Data
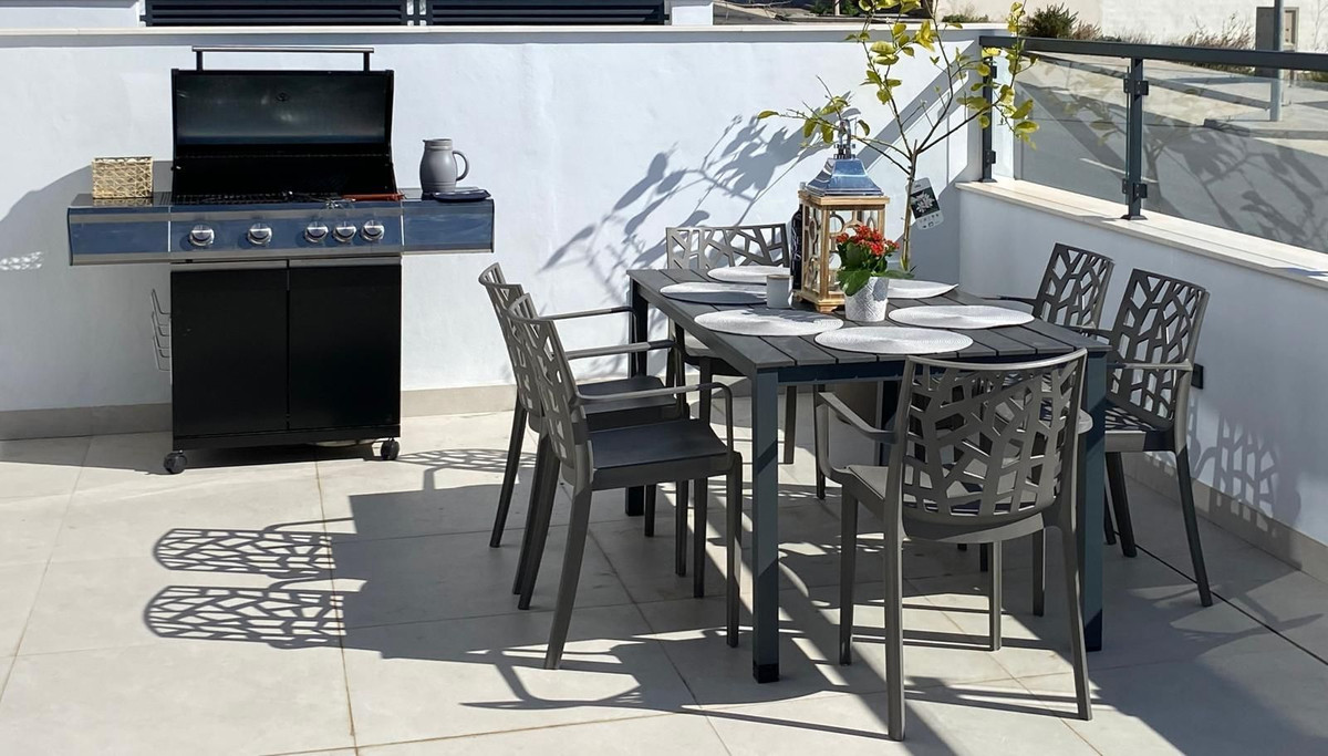 Offering almost 200 m² of built space over three floors, the villa features three generous bedrooms and three contemporary bathrooms. The interior is light-filled and thoughtfully designed, creating open, inviting spaces ideal for everyday living as well as hosting family and friends. At the top, a spacious rooftop terrace provides the perfect setting to soak up the sun and admire unforgettable Mediterranean sunsets.
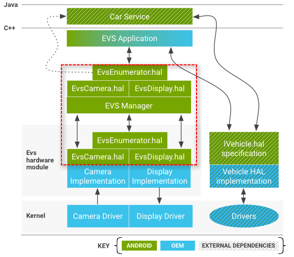 - 原始设备制造商负责实现由/hardware/interfaces/automotive/evs中定义的API
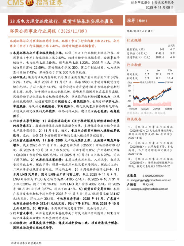 【海通证券】【202511】环保公用事业行业周报(2025/11/09)-19页 证券期货研究报告
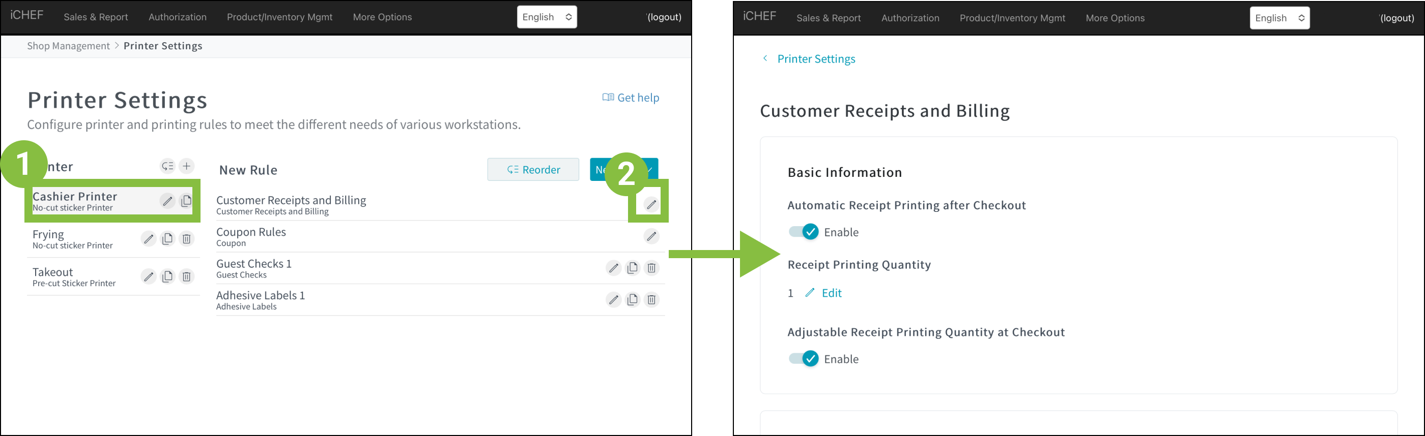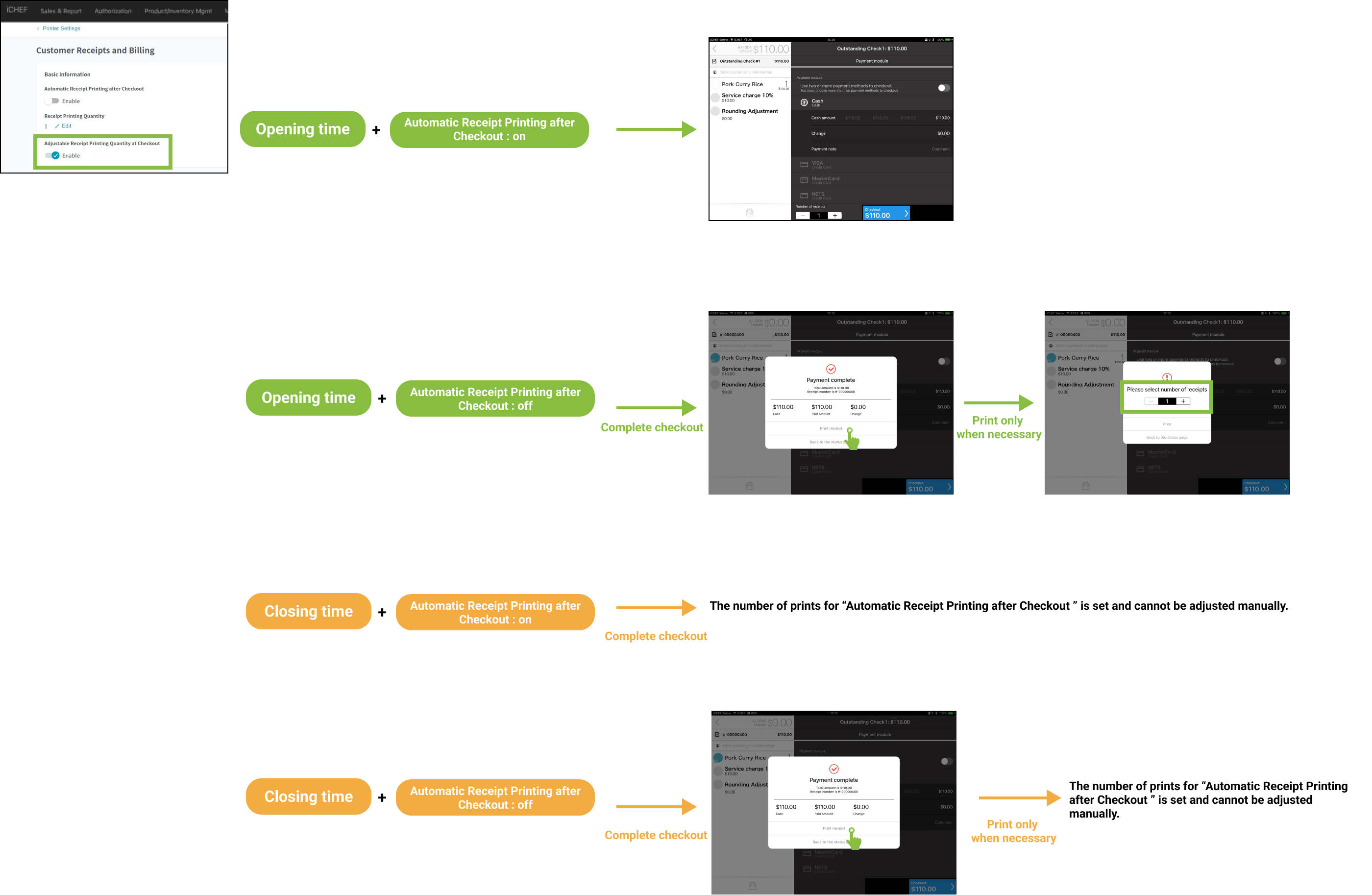 Perform a shift/daily close out to wrap up a shift or a day of business. The Shift/Daily Closing Record will be printed under the “Customer Receipts and Billing” rule. For more details, please refer to: [Accounting] Sales Record & Management

What this task involves
Please repeat the lines that run from the one holding "- 原始设备制造商负责实现由" to the last line of the material, both included, exactly and without pictures.

Reply to the task
 - 原始设备制造商负责实现由/hardware/interfaces/automotive/evs中定义的API
 【海通证券】【202511】环保公用事业行业周报(2025/11/09)-19页 证券期货研究报告
 Perform a shift/daily close out to wrap up a shift or a day of business. The Shift/Daily Closing Record will be printed under the “Customer Receipts and Billing” rule. For more details, please refer to: [Accounting] Sales Record & Management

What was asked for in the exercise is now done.